Apparent Transmutation.

New York Times 100 years ago today, June 22, 1913:
British Scientists Discover Four Elements in Hydrogen Tube.
Special Cable to The New York Times.
    LONDON, June 21.— At the scientific meeting of the Chemical Society held in London this week an interesting communication was made on the subject of the presence of helium and neon in tubes containing hydrogen, through which an electric discharge had been passed.
    Some months ago Prof. J. Norman Collie and H. S. Patterson read papers before the Chemical Society that caused a great stir at home and abroad as tending to show the apparent creation of elements. At that time they described how both helium and neon could be produced in hydrogen gas by passing a powerful electrical discharge through hydrogen. Since then they have repeated the experiment many times. Moreover, it has received confirmation from the fact that the experimenter, Dr. Mason, in a note sent to the Chemical Society, describes how he also obtained neon by the subjection of hydrogen to the same treatment, and presented some additional facts.

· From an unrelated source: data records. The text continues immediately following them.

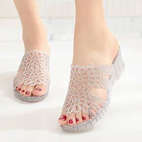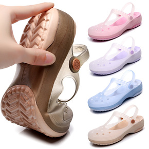 夏季新款妈妈软底凉拖鞋女果冻鞋坡跟沙滩洞洞鞋旗袍水...
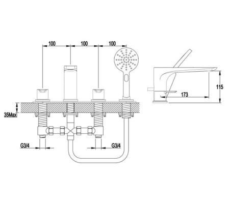 RAK-Ischia 4 Hole Deck Mounted Bath Shower Mixer
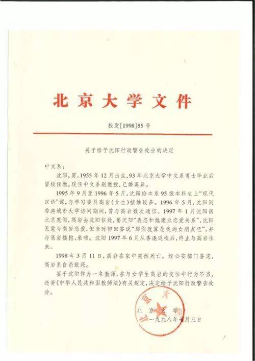 4月8日下午,北京大学公布了1998年对时任中文系副教授沈阳的处分决定。在这份文件中,北京大学认定,鉴于沈阳作为一名教师,在与女学生高岩的交往中行为不当,违背《中华人民共和国教师法》有关规定,决定给予沈阳行政警告处分。封面新闻记者注意到,该文件落款日期为1998年7月3日。该时间距高岩被发现在家中死亡已过去104天。

    It has been noted that the amount of hydrogen in the experimental tubes steadily disappears during the electrification. Evidence was also presented to show that a peculiar gas appeared in the tubes that gave the spectrum of carbon. Hitherto, carbon had been known to exist only in solid shape, either as a black solid or as a diamond.
    This curious carbon gas, when subjected to an electrical discharge in contact with mercury, entirely disappears. In many ways it resembles the substance first discovered by Sir Joseph J. Thompson and called by him "X3."
    Since their first paper was read Messrs. Collie and Patterson have made several experiments with tubes without electrodes, in order to eliminate the possibility of the gases, and helium and neon, coming from the substance of which electrodes are made.
    In this they were successful, and by the means of a powerful alternating current in a coil of wire, wound about a bulb in which hydrogen was present, they produced both helium and neon.
    An extraordinary result was also obtained in examining the metal that splashed off from the electrode during the electrical discharge in the tube. This metal always contained something that was apparently sulphur, for on dissolution in acids the various metals used for electrodes, namely, copper, palladium, magnesium, and platinum, invariably gave a white precipitate with a solution of barium chloride.
    Up to the present four so-called elementary substances, helium, neon, carbon, and sulphur, have appeared in these electrified tubes, and hydrogen disappeared at the same time.
    As the greatest care is taken to start the experiments with none of these four elements present in the tubes, their appearance is regarded as most remarkable. Whatever the explanation may be, the facts will need further verification, and many more experiments will have to be tried before it is proved definitely whether or not they are produced from hydrogen.